# P2P core/daemon/engine in base?



## rigoletto@ (Feb 20, 2018)

Hello.

While trying to sleep yesterday I had this idea. Nothing new and probably will not be implemented, specially by me who can't write code, but I am sharing it anyway.

The idea would be to have a P2P core/daemon/engine in Base with some API to be used by clients including pkg(8), freebsd-update(8), and portsnap(8) updates, and would also allow anyone who desire to become a FreeBSD (partial) mirror[1], what would reduce the load of the FreeBSD infrastructure.

Other than those, a Syncthing-like client could be created[2], and of course "normal" clients like those everyone use (CLI, GTK, Qt etc.).

That piece of software could of course be integrated with IPFW, Capsicum or wherever be necessary or desired.

Cheers! 

1 - the mirror option could be something that re-create the packages (etc.) structure separated somewhere in the filesystem, with ZFS datasets when applicable, allowing to replicate just part of that - like just latest packages and/or the last quarterly, etc. Also SEE.

2 - While digging in the net/syncthing online resources some time ago, I found a discussion started by someone from some business interested to use Syncthing to sync files around thousands of servers, so something like that would certainly have value at enterprise level, specially because they could easily(?) create their own solution (client) for their specific needs, including some Nextcloud like service but P2P based.

EDITED. EDITED. EDITED.


----------



## Deleted member 30996 (Feb 20, 2018)

First impression, that makes me think of how MicroSoft distributes its software using other peoples bandwidth.

It too works on the basis of a torrent. Difference being your idea is opt-in, while theirs is opt-out.

Not to detract from your idea.


----------



## rigoletto@ (Feb 20, 2018)

Trihexagonal 

As I said, nothing new.


----------



## SirDice (Feb 21, 2018)

Trihexagonal said:


> It too works on the basis of a torrent.


Just being a bit pedantic here. Torrents are P2P but not all P2P networks are torrents. Bittorrent is just a specific P2P protocol. I guess in this day and age with torrents everywhere torrents have become synonymous with P2P networks in general.
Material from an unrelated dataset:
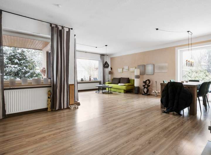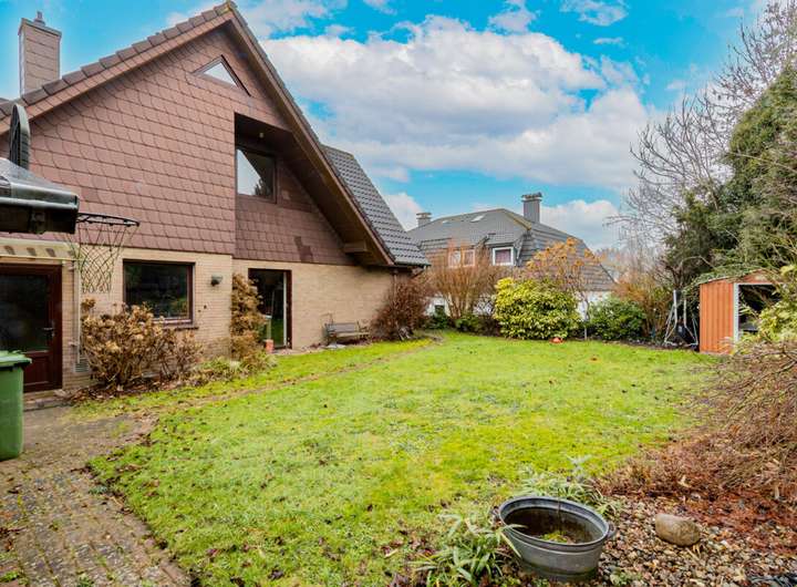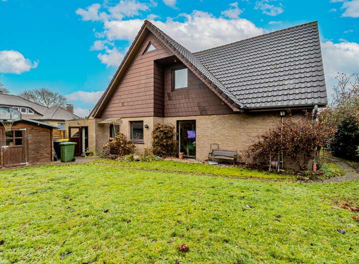 Dieses Einfamilienhaus mit separater Einliegerwohnung befindet sich in rückwärtiger Bebauung auf einem 524m² großen Grundstück in Ganderkesee und bietet mit ca. 214m² Wohnfläche vielseitige Nutzungsmöglichkeiten. Ursprünglich als Flachdachbungalow errichtet, wurde die Immobilie 1992 aufgestockt und 2015 durch eine Dachgaube erweitert.

But the term "torrents" also has a "bad" connotation to it, it has also become synonymous with "illegal" activities.

https://en.wikipedia.org/wiki/Peer-to-peer


----------



## rigoletto@ (Feb 21, 2018)

I think I will bring that to some mail list later.

DONE.


----------



## Deleted member 30996 (Feb 26, 2018)

SirDice said:


> Just being a bit pedantic here. Torrents are P2P but not all P2P networks are torrents. Bittorrent is just a specific P2P protocol.



I've only used torrents once, while still on XP, and didn't like it. It attracts too much attention from what I understand to those aforementioned "activities", and I don't have a VPN if I were to participate in such.

I do read TorrentFreak occasionaly.


----------



## Sensucht94 (Feb 26, 2018)

Well, speaking of P2P,  ~15 years ago the most popular appliance among end-users  was definitely ed2k, with its absolutely illegal emule client; all kids/teens used it in my town, I confess having done so too


----------



## Deleted member 30996 (Feb 26, 2018)

Sensucht94 said:


> Well, speaking of P2P,  ~15 years ago the most popular appliance among end-users  was definitely ed2k, with its absolutely illegal emule client; all kids/teens used it in my town, I confess having done so too



My sisters hubby lamented his daughters had over 4000 songs on their devices back then and feared them getting caught. And some poor unfortunates did.

I do not use torrents, have never used emule or any other P2P apps, but have mucha mas musica.


----------



## rigoletto@ (Mar 3, 2018)

Trihexagonal said:


> My sisters hubby lamented his daughters had over 4000 songs on their devices back then and feared them getting caught. And some poor unfortunates did.
> 
> I do not use torrents, have never used emule or any other P2P apps, but have mucha mas musica.



In my country nobody do care for people torrenting anything, including the government, and most of the artists (musicians specially) but a handful who actually are influential in the "Central Bureau for Collection and Distribution" and get a lot of money from them every year (most old people who do nothing relevant anymore).

Well, the "Central Bureau for Collection and Distribution" also do care, but nobody like them... including the artists


----------



## PacketMan (Mar 3, 2018)

Internet Archive has a boat load of legally free to download content, although most is either dated or specific user interest groups, and bittorrent is one method to participate with the web site.  Interesting though I see today I get a "_The owner of archive.org has configured their website improperly._" message when using Firefox.

Back to having some sort of P2P built into base, I would say no to that. One of FreeBSDs strengths is the OS comes lean and mean, and the user can add exactly what they want to make their machine valuable.  But the idea of having an installable package whereby my machine uses bittorrent to help distribute FreeBSD code, ports/packages, etc, I would surely give that a try.


----------



## Deleted member 30996 (Mar 3, 2018)

PacketMan said:


> Internet Archive has a boat load of legally free to download content...



Correct. I've downloaded movies and The Cowboy Junkies flac music files more recently.


----------